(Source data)
+++++

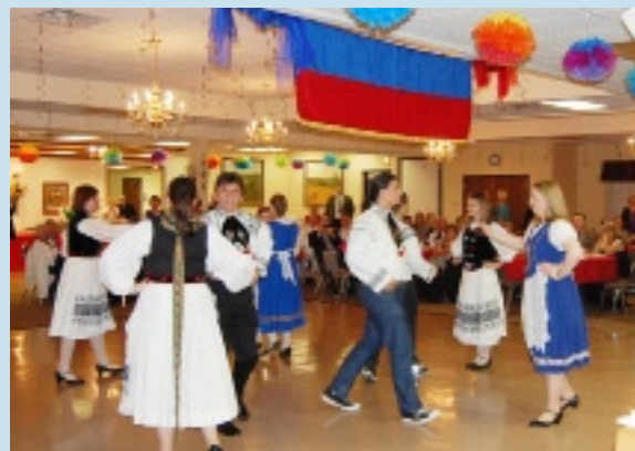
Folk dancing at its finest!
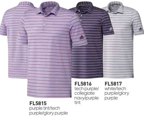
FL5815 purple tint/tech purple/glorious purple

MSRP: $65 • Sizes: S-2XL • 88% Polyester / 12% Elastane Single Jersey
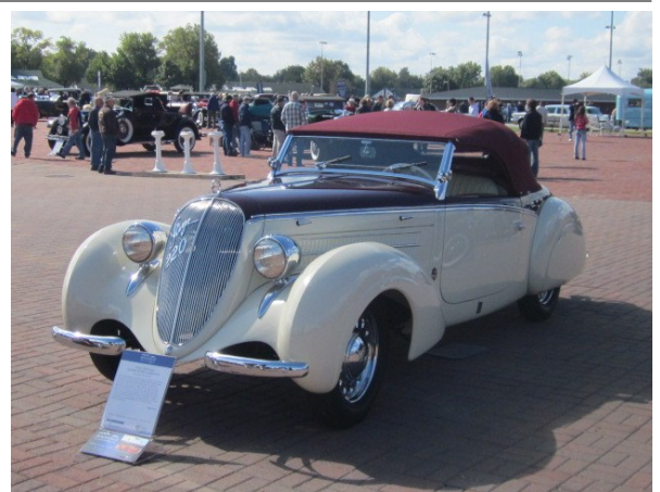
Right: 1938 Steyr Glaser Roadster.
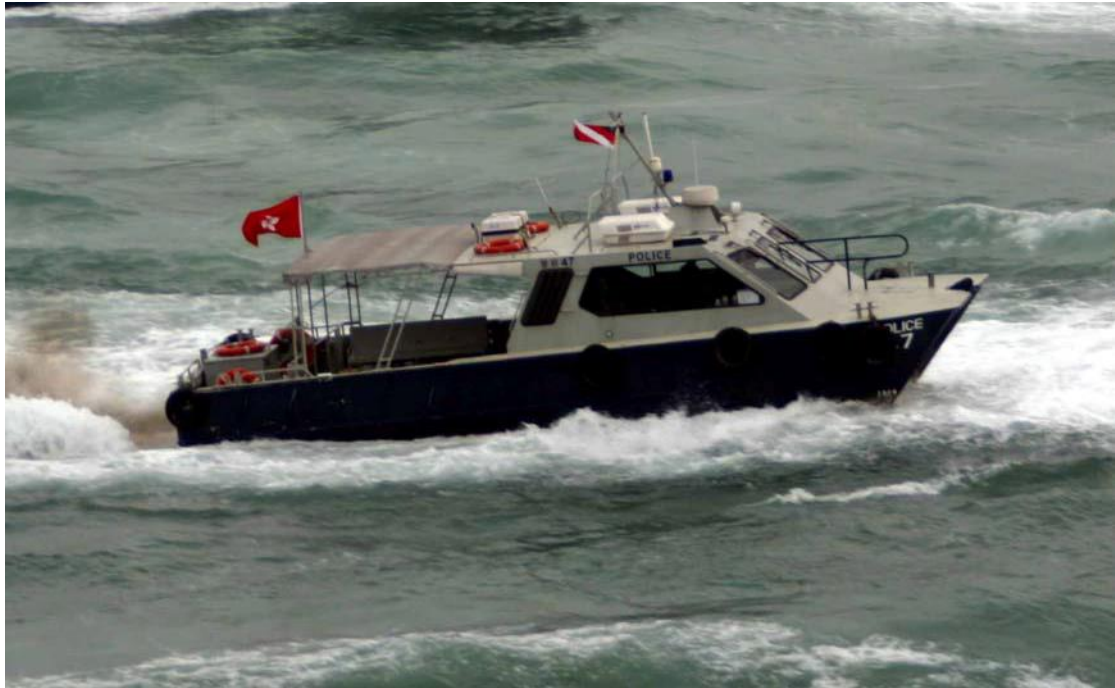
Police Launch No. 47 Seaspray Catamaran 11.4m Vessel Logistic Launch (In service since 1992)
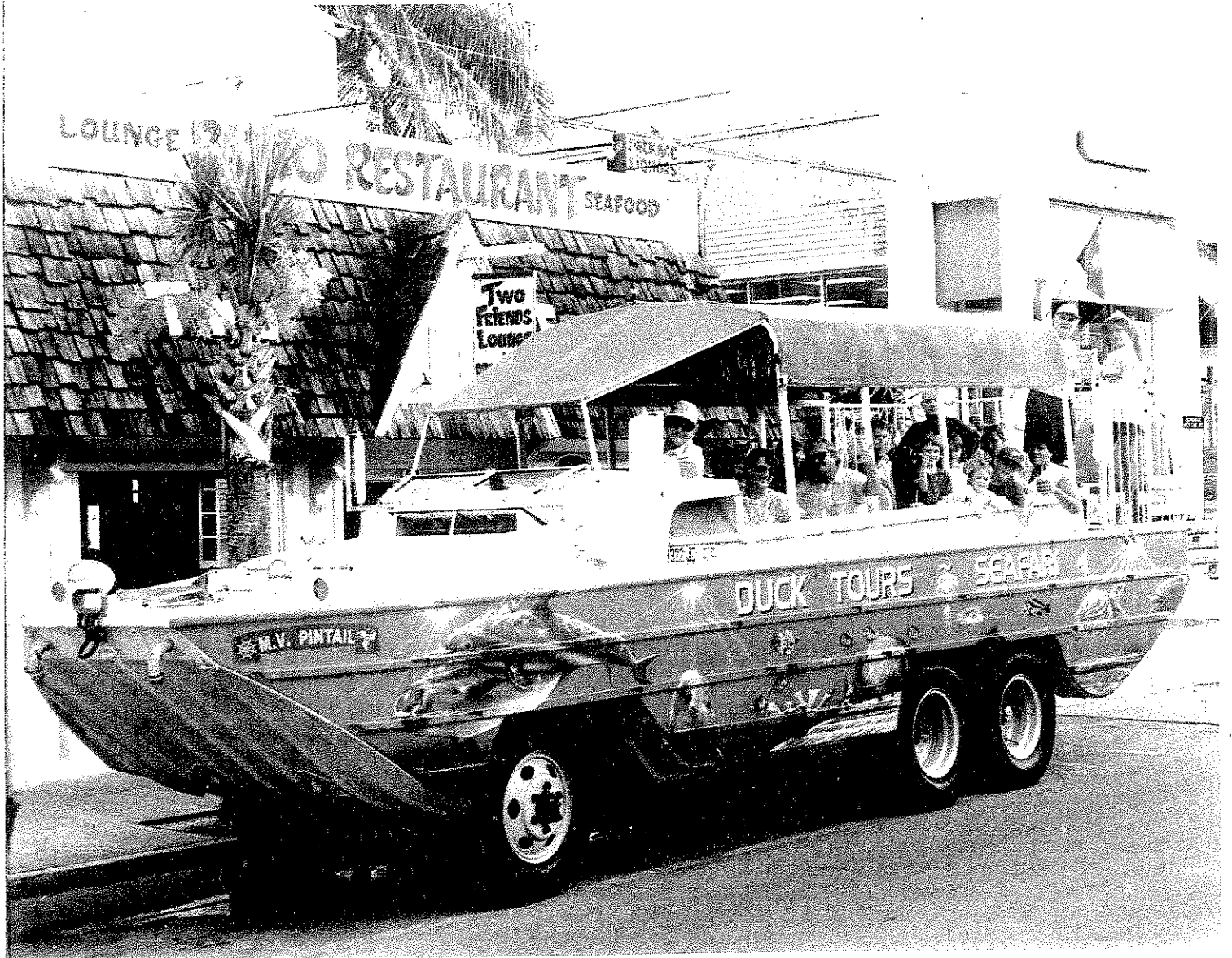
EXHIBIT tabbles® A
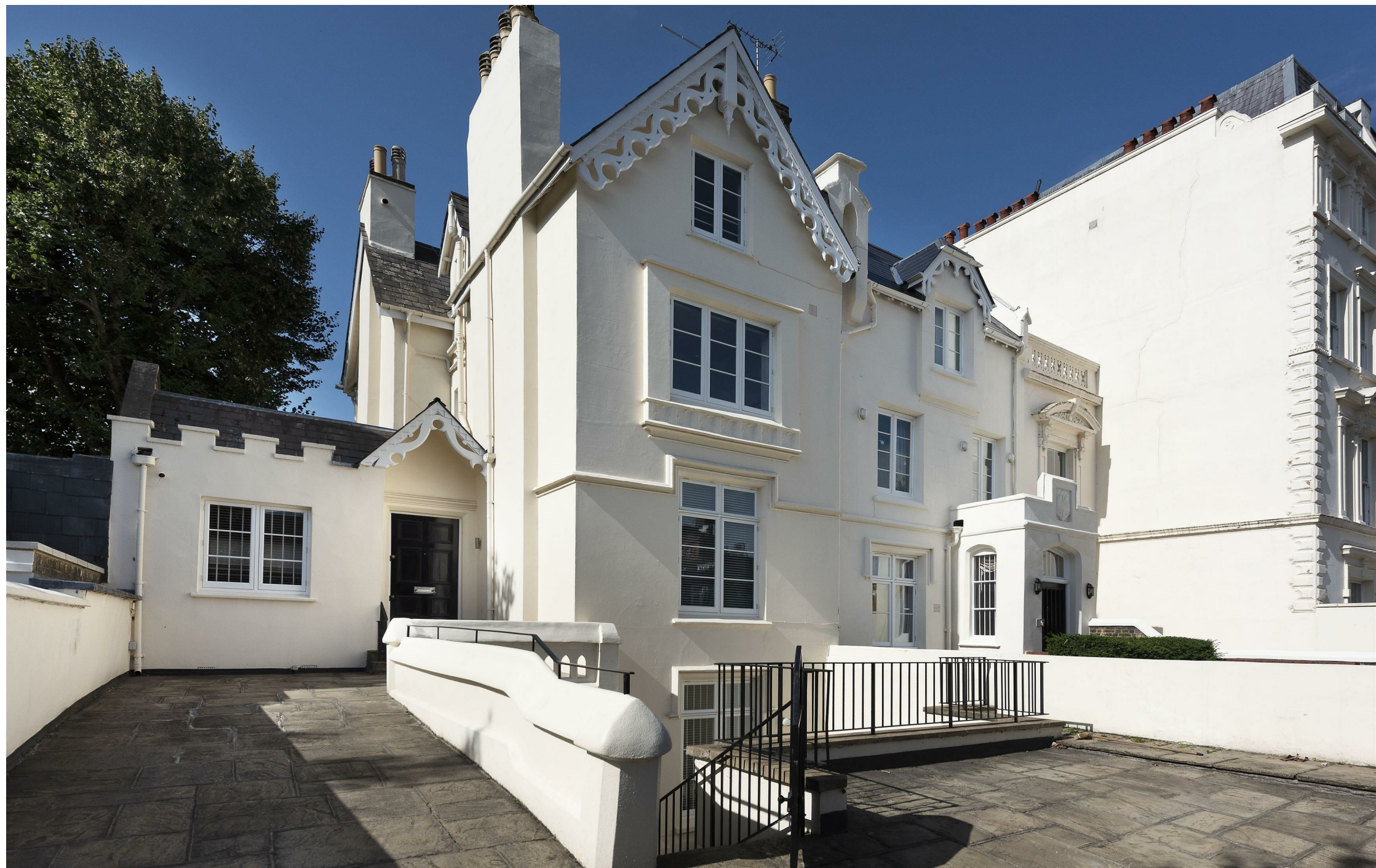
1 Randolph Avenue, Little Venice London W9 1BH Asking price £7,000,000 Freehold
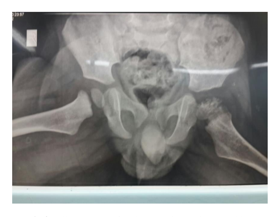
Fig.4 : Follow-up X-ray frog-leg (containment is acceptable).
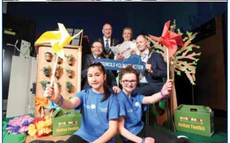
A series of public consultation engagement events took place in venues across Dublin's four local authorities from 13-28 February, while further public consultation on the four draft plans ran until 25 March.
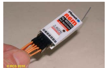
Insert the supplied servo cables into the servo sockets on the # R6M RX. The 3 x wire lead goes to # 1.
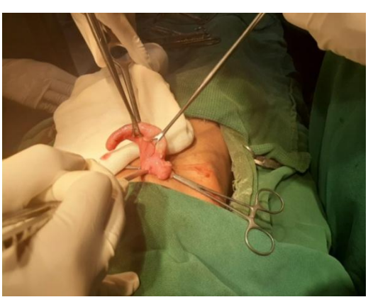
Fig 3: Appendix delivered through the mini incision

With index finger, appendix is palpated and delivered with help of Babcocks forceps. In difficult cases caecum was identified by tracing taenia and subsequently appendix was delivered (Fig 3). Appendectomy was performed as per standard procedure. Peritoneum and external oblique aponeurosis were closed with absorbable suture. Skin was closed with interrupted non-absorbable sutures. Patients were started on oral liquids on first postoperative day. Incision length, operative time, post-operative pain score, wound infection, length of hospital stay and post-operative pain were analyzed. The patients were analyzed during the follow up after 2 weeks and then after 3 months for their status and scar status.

+++++

→ **Task objective**
The answer is the lines above, word for word, from the first one through the one containing "1 Randolph Avenue, Little"; it includes no pictures.

→ **Written answer**
Folk dancing at its finest!
FL5815 purple tint/tech purple/glorious purple

MSRP: $65 • Sizes: S-2XL • 88% Polyester / 12% Elastane Single Jersey
Right: 1938 Steyr Glaser Roadster.
Police Launch No. 47 Seaspray Catamaran 11.4m Vessel Logistic Launch (In service since 1992)
EXHIBIT tabbles® A
1 Randolph Avenue, Little Venice London W9 1BH Asking price £7,000,000 Freehold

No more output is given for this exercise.